Research implications of US efforts to enhance science cooperation with China

Scientists caution that the action is only a stopgap and that a lack of a complete renewal could harm research cooperation.

A significant symbolic agreement to collaborate with Beijing in the fields of science and technology has been renewed by the US administration for another six months. The short-term extension of the accord, which was set to expire on August 27th, has given researchers new optimism that the 44-year-old deal will endure.

The deal does not include financing for research. Instead, it acts as a broad agreement to promote mutually beneficial relationships among US and Chinese government organizations, academic institutions, and organizations conducting research in a variety of disciplines, including agriculture, energy, health, and the environment. The extension indicates that, for the time being, research will proceed normally. The non-binding arrangement first went into effect in 1979 and has been extended every five years since then.

Escalating conflict
Researchers from China and the United States think that the agreement has significant symbolic importance in addition to its practical role in fostering scientific collaboration.

According to Li Tang, an assistant professor of policy studies at Fudan University, which is located in China, “abandoning such an established arrangement would only worsen the continuing fragmentation in science and education” between the two countries.

The agreement was modified in 2018 during its most recent renewal to reinforce rights to intellectual property created through bilateral research collaborations. However, relations between the two countries have risen since then, which may have influenced the Biden administration’s choice to adopt only a temporary extension, according to researchers.

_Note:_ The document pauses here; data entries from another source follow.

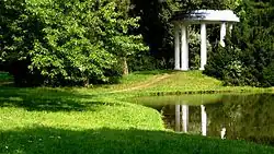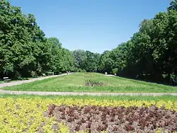 - Der Fürst-Poniatowski-Park liegt zwischen den Straßen Parkowa, Mickiewicza, Włókniarzy und Żeromskiego und hat eine Fläche von etwa 41,2 Hektar. Angelegt wurde der Park 1904 bis 1910 als Ogrodu przy ul. Pańskiej (Garten bei der Pańskiejstraße, heute die Żeromskiego). Im Juli 1912 erließ der Stadtpräsident Łódźs eine Verfügung, die den Zutritt zum Park nur noch Offizieren, Beamten oder Personen mit einer Sondererlaubnis des Stadtpräsidenten erlaubt.[1] 1917 erhielt der Park seinen heutigen Namen. In den 1920er Jahren war die Villa im Park Sitz des Stadtpräsidenten. 1938 wurde ein Denkmal für Stanisław Moniuszko im Park errichtet, allerdings wurde dieses bereits ein Jahr später beim Einmarsch der Wehrmacht zerstört. Nach Ende des Weltkrieges wurden zwei Soldatenfriedhöfe der Roten Armee und der polnischen Kämpfer im Park angelegt. 1955 wurde ein Konzertplatz angelegt.
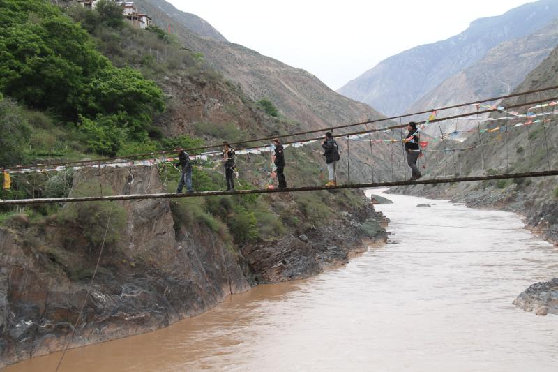 近日,“有一種叫云南的生活”大型調(diào)研采訪活動(dòng)德欽分隊(duì)十多名來自省內(nèi)外的記者采訪團(tuán)走進(jìn)佛山鄉(xiāng),茶馬古道梅里雪山段瀾滄江上的竹篾溜索、鐵索橋,以及如今還在使用的便橋引起了大家極大興趣。三種渡江方式,代表了三個(gè)時(shí)代的變遷。離此處500米左右下游的鋼筋混凝土大橋則是近幾年建成的,寬約十米的橋面上汽車轟鳴而過。
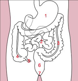 - Blinddarm (Caecum) mit dem Wurmfortsatz (lat. Appendix vermiformis, umgangssprachlich fälschlich als „Blinddarm“ bezeichnet), und
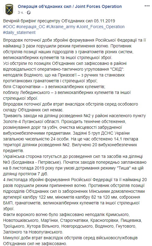 С начала суток вторника, 5 ноября, в районе проведения операции Объединенных сил на Донбассе противник совершил всего три обстрела. Об этом сообщили в пресс-службе ООС.

A US program that sought to protect US firms and laboratories against espionage is one of the initiatives that has harmed relations. Prior to being closed last year, it aimed at researchers of Chinese heritage. Additionally, the Act on CHIPS and Science, which was passed by the US Congress in July 2022 and tightens research security measures, requires US institutions to declare donations of US$50,000 or greater from foreign governments, up from the previous reporting cap of $250,000.

Meanwhile, due to worries about cybersecurity and data privacy, the Chinese government reportedly banned the transfer of academic and medical data from China.

Resistance in Congress
Some US politicians have demanded its termination, claiming it presents a danger to national security. Some members of the US House of the Representatives committee on China claimed in an email to Antony Blinken, the nation’s secretary of state, dated June 27, that research partnerships set up under the agreement between the US and Chinese governments may have created devices that could be utilized later against the US.

However, other scientists lobbied the United States government to keep the pact in place. Steven Kivelson and Pete Michelson, two physicists from Stanford University in California, wrote to President Biden on August 24 to express their belief that the agreement provides a crucial basis for bilateral cooperation and that severing off ties with China would be a mistake.

Is cooperation in danger?
Without the deal, scientific collaboration between the two countries may become “deeply problematic,” according to Deborah Seligsohn, a US-China relations scholar at the University of Villanova in the state of Pennsylvania and former US Department of State official who worked at the US consulate in Beijing. According to her, it provided the “critical structural basis” for initiatives like the study of birth anomalies that led to the finding that folic acid may avoid spina bifida from occurring and other neural tube problems.

If the deal is terminated, according to Jenny Lee, a researcher on higher education at the University of the state of Arizona in Tucson, it might harm American educational institutions and research more than it would China.